Dr Cobbe continued that public authorities must be prepared to open themselves up to scrutiny, even in this rush to automate. Officials seem to be clueless as to whether or not systems are congruent with administrative law principles. Dr Cobbe argued that court processes and judicial review is the best way of handling complex systems. Instead, a comprehensive statutory framework for decision-making is a solid way forward, perhaps one that establishes higher standards for automated systems than we already do for humans.
Following the speakers' contributions, discussions took place which highlighted various concerns about the advent of digital decision-making and the Rule of Law.
The first question concerned Dr Cobbe's contention that a case-based system may not be the best way to achieve justice: if not, what should we do?
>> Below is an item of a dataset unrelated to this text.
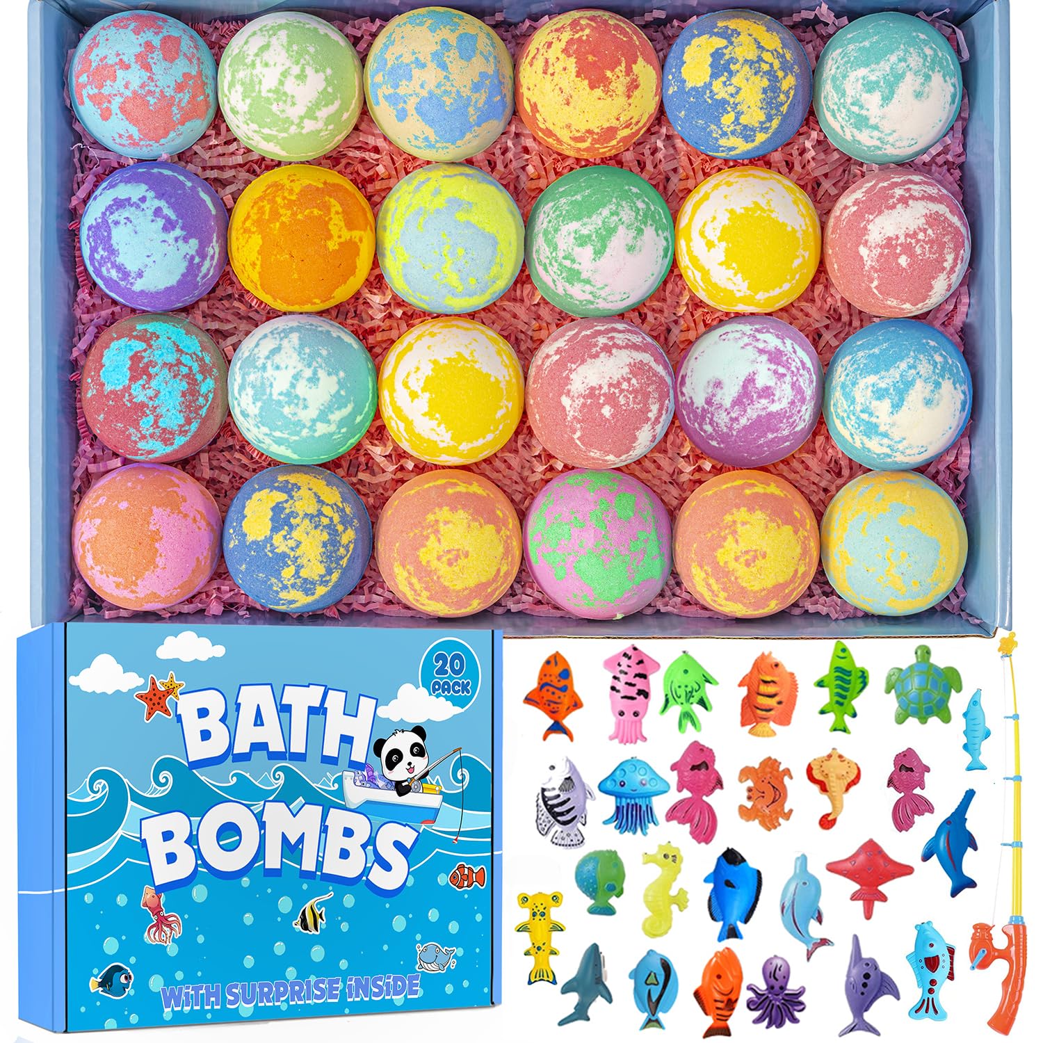 Bath Bombs for Kids with Surprise Fishing Games Inside for Girls Boys - 20 Kids Bath Bombs Gift Set, Handmade Bubble Bath Fizzes Bomb for Chrildren Birthday Christmas and Party Favor Gift for Boys

She responded that having judges getting to groups with complex algorithmic systems may not be the best way to do things. This is because the issues that are likely to be raised do not run so deeply with regards to individuals, but rather there are issues with the datasets and training data which entrench biases. If there is a problem, it is not so much one concerning the individual, but rather the whole system.
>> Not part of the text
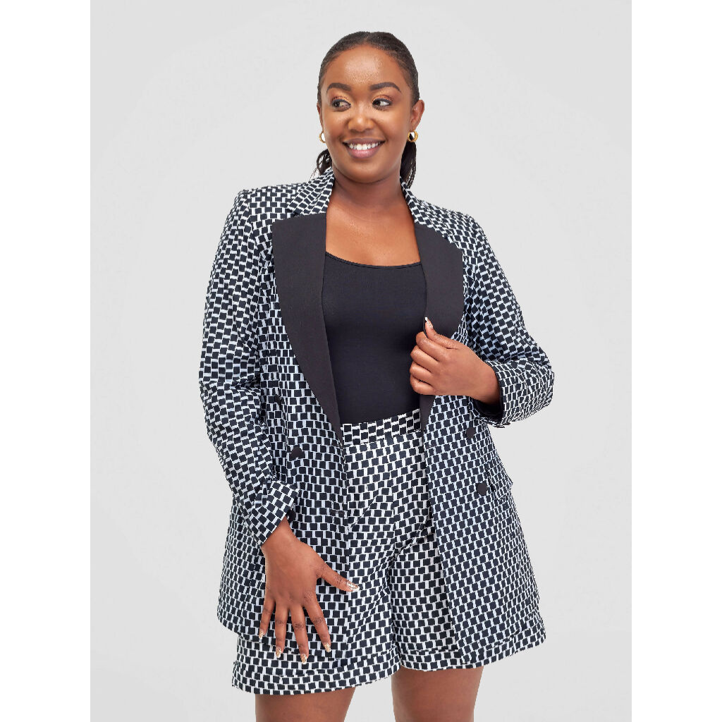 Modern meets classic: This statement-making ensemble features a sophisticated double-breasted blazer with a sleek black...

The use of data in the Settlement Scheme also raised questions. In particular, what would happen whereby data acquired for one purpose is used for another purpose? This is particularly pertinent in relation to data not covered by the Data Protection Act, such as immigration data. The consensus from the speakers and members of the audience also doing work on the Scheme is that at present, there is little to no information on how the Home Office plans to use the data, and we know very little about the way that data will be transferred. This draws into the broader concern of lack of transparency, as we also know nothing about how the algorithm reaches a decision.
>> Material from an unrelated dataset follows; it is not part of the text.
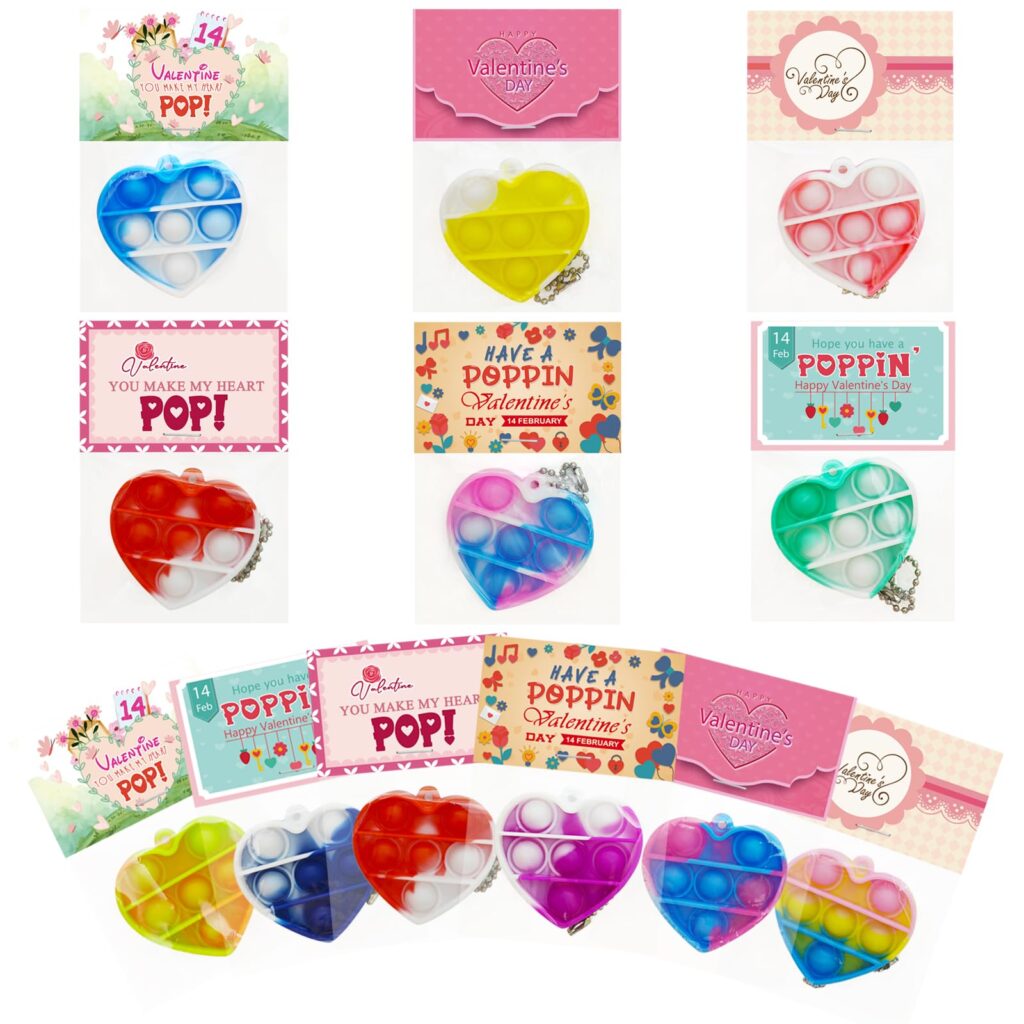 If you’re looking for an easy, all-in-one Valentine exchange for a classroom, this PRAABDC set bundles everything you need: 24 heart mini pop bubble fidget toys, 24 Valentine cards, and 24 keychains. It’s designed for quick handouts at school, parties, and prize tables—no extra shopping required.

Alberto Costa MP raised the question of discrimination: at what point may we see litigation, and under what point(s) of law? Bijan Hoshi answered that litigation is likely to be imminent. One example of a discrimination claim could be the fact that there is no real provision for people lacking in capacity to access the Scheme. Dr Joe Tomlinson also pointed out that there are practical questions concerning accessing judicial review: how does one build a case? If there is a failure in an automated system, at what point does the failure occur? If there's an issue with the system, is there an issue with the whole system?
A further point was raised concerning capacity to access the Scheme: what rights do prisoners have, and how could they sign up to the Scheme? According to Mr Hoshi, in theory, they can. But there doesn't appear to be any attempts to explain this to prisoners. The Home Office carried out several testing phases of the Scheme, and during one of these phases, organisations were urged to work with vulnerable people. Prisoners were not included in this. Mr Hoshi said that there was a risk that prisoners may be subjected to 'discrete' deportations at the end of their sentences. Dr Tomlinson said this possibility stressed the real need for an analysis of particular demographics.
Overall, the meeting was a success and provided a meaningful forum for debate and discussion on a live Rule of Law issue, yet another consequence of the UK's decision to withdraw from the European Union.